Ezekiel is commanded to begin his ministry immediately by performing a series of sign-acts, warning of the coming of judgment upon Jerusalem and Judah. Many of the prophets are instructed to carry out dramatic action to accompany their messages, ranging from simple sermon illustrations to complex acted-out parables. These signs are not merely visual aids; they are designed to reach people’s wills and hearts, enabling people not just to see the truth but to feel it.1 Ezekiel performs more sign-acts than most prophets, perhaps because his communicative task is harder than most. He must preach a message of Jerusalem’s inevitable downfall to a people convinced it could not be captured by the nations—and then, after the city’s fall, he must convey hope for the future to a people crushed by despair. Even those who are reluctant to stop and listen to Ezekiel’s words will be forced to recognize the import of his message through these dramatic signs. It will become clear even to a reluctant audience that a prophet has been in their midst when these signs begin to become reality.

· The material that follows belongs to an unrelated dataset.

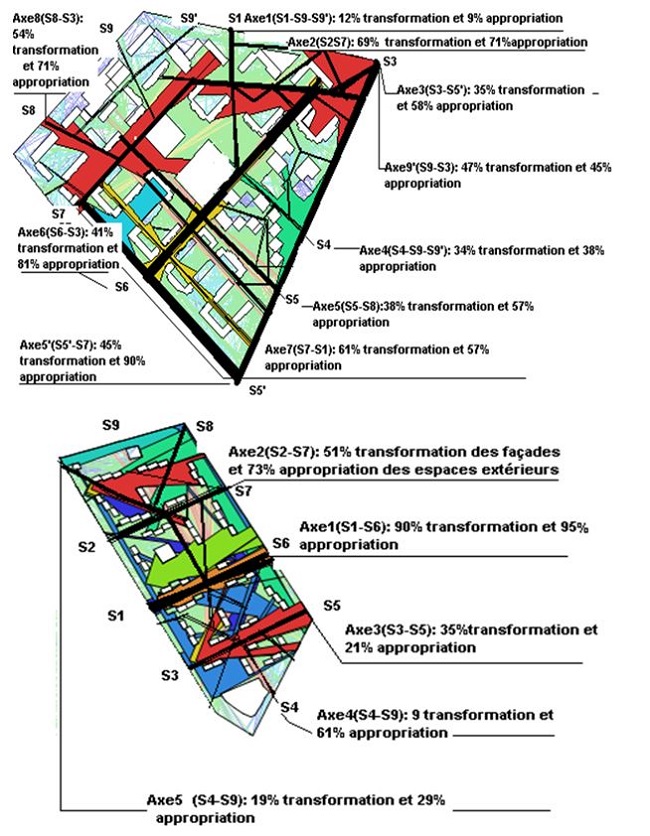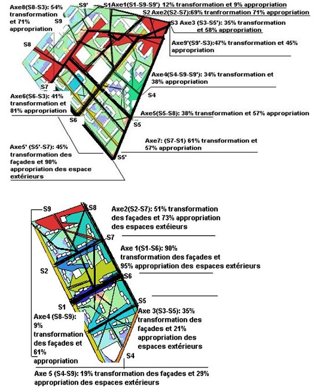 Les deux citées ont subis des transformations intensives de l’espace urbain (reproduction urbaine), par les modifications des façades et l’appropriation des espaces extérieurs.

The first of his sign-acts is in three related parts, depicting Jerusalem as a city besieged not merely by the Babylonians but by God as a result of the people’s long history of sin. Those who remain inside the city will be reduced to starvation rations and, worse, forced to eat defiled food. The exile in Babylon will not be a brief sojourn but a lifetime, akin to the forty-year wilderness wanderings. There is a glimmer of hope in that Ezekiel’s 430-day ordeal matches the nation’s 430-year stay in Egypt, suggesting the possibility of a new exodus at its conclusion. Yet the focus of the sign-acts is very much on the reality of the imminent judgment on Jerusalem from the Lord.
First Sign
Ezekiel’s first sign-act involves erecting an elaborate model depicting Jerusalem as a city under siege. He is to take a clay brick, perhaps 10 inches by 24 inches (25 cm by 61 cm), and draw a map or a picture of Jerusalem on it while it is still soft (v. 1). Such bricks were common building materials in Babylon, and city plans sketched out on bricks have been excavated at the site of Nippur, in the same region as Ezekiel’s exile.2 Then the prophet is to create a diorama of a besieged city around the brick, with siege ramps, army camps strategically located around the city, and battering rams to break through the walls (v. 2)—all the latest weaponry and the overwhelming force the Babylonians will bring to bear on Jerusalem. With the city surrounded by the Babylonians, there would be no way into or out of Jerusalem.
Yet the Babylonians are not Jerusalem’s biggest problem. The prophet himself is to take the Lord’s part in the drama, with his face fixed toward Jerusalem, representing a settled attitude toward the city, and an iron griddle, or pan, between him and the city, depicting the complete severing of relations between Israel and her God (v. 3). The use of an iron object highlights the impenetrability of the barrier. No communication between the people and the Lord will be possible, which means that their cries for mercy and relief will go unheeded. This griddle is thus the visual equivalent of the Lord’s forbidding Ezekiel in the previous chapter to act as an intercessor for the city (cf. comment on 3:24–27 [at v. 26]).
The dual agency of Jerusalem’s awful fate is prominent throughout these signs. The Babylonians may provide the army that is to besiege the city, but it is the Lord who has decreed the city’s inevitable destruction and has cut off any channels of communication. This must have seemed inconceivable to many of the prophet’s contemporaries, raised on the assurance of Psalm 46, that Zion could not fall so long as the Lord dwelt within her. Ezekiel will challenge head on this concept of Jerusalem’s inviolability in Ezekiel 8–11 (cf. the sermon of Ezekiel’s contemporary Jeremiah in Jeremiah 7).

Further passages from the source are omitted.